Set down the data below without change, skipping the pictures it holds.

COLLECTED DATA:
[Start of section]

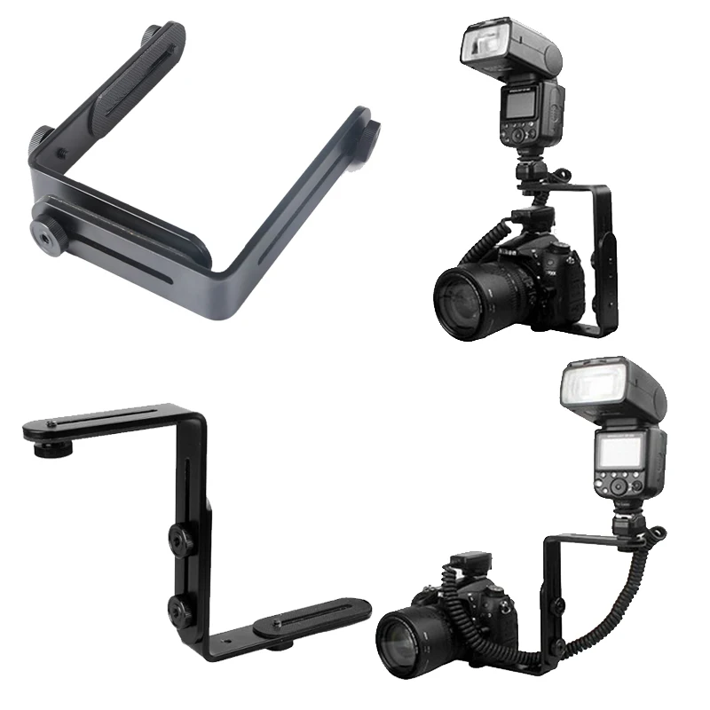 Универсальный Металлический Двойной L-образный кронштейн держатель для Canon Nikon DSLR вспышка для камеры светодиодный светильник с 14 винтовыми отверстиями
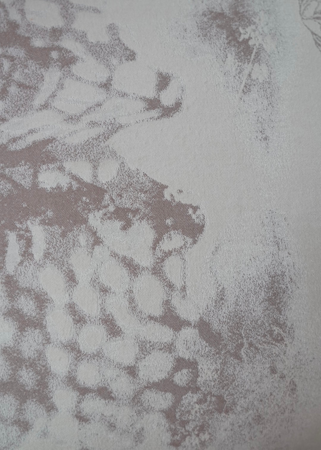 提花織物採用三種不同顏色的棉線編織而成,透過改變顏色和線數,表面呈現編織圖案獨有的深度。
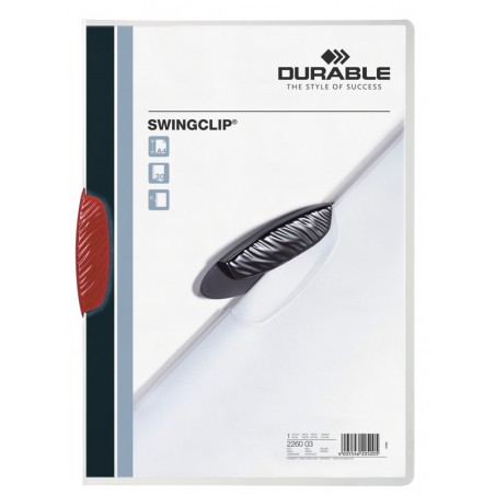 DURABLE Klemmhefter Swingclip® aus transparenter, flexibler Hartfolie PP, farbige, elipsenförmige, seitlich schwenkbare Kunststoffklemme, Fassungsvermögen bis 30 Blatt 80 g/m2, für Format A4. Nachhaltigkeit eco:plus: recyclingfähig.
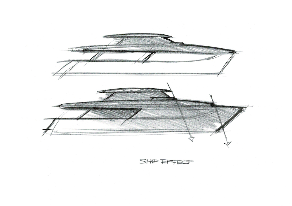 L’ultima nata in casa Custom Line nasce dalla collaborazione tra il Dipartimento Strategico di Prodotto, presieduto dall’Ing. Piero Ferrari, il Dipartimento Engineering di Ferretti Group; lo studio di architettura Antonio Citterio Patricia Viel, che ha curato il progetto d’interni, e Filippo Salvetti, che ha seguito il design delle linee esterne. Per Salvetti che ha già all’attivo diversi progetti per Ferretti Yachts si tratta di una prima assoluta. E proprio da questo giovane ma affermato designer abbiamo voluto iniziare un percorso di tre puntate pensato per raccontare nel dettaglio le linee guida che hanno accompagnato, a tutti i livelli, la genesi di questo progetto.

[End of section]

WRITTEN RESPONSE:
 Универсальный Металлический Двойной L-образный кронштейн держатель для Canon Nikon DSLR вспышка для камеры светодиодный светильник с 14 винтовыми отверстиями
 提花織物採用三種不同顏色的棉線編織而成,透過改變顏色和線數,表面呈現編織圖案獨有的深度。
 DURABLE Klemmhefter Swingclip® aus transparenter, flexibler Hartfolie PP, farbige, elipsenförmige, seitlich schwenkbare Kunststoffklemme, Fassungsvermögen bis 30 Blatt 80 g/m2, für Format A4. Nachhaltigkeit eco:plus: recyclingfähig.
 L’ultima nata in casa Custom Line nasce dalla collaborazione tra il Dipartimento Strategico di Prodotto, presieduto dall’Ing. Piero Ferrari, il Dipartimento Engineering di Ferretti Group; lo studio di architettura Antonio Citterio Patricia Viel, che ha curato il progetto d’interni, e Filippo Salvetti, che ha seguito il design delle linee esterne. Per Salvetti che ha già all’attivo diversi progetti per Ferretti Yachts si tratta di una prima assoluta. E proprio da questo giovane ma affermato designer abbiamo voluto iniziare un percorso di tre puntate pensato per raccontare nel dettaglio le linee guida che hanno accompagnato, a tutti i livelli, la genesi di questo progetto.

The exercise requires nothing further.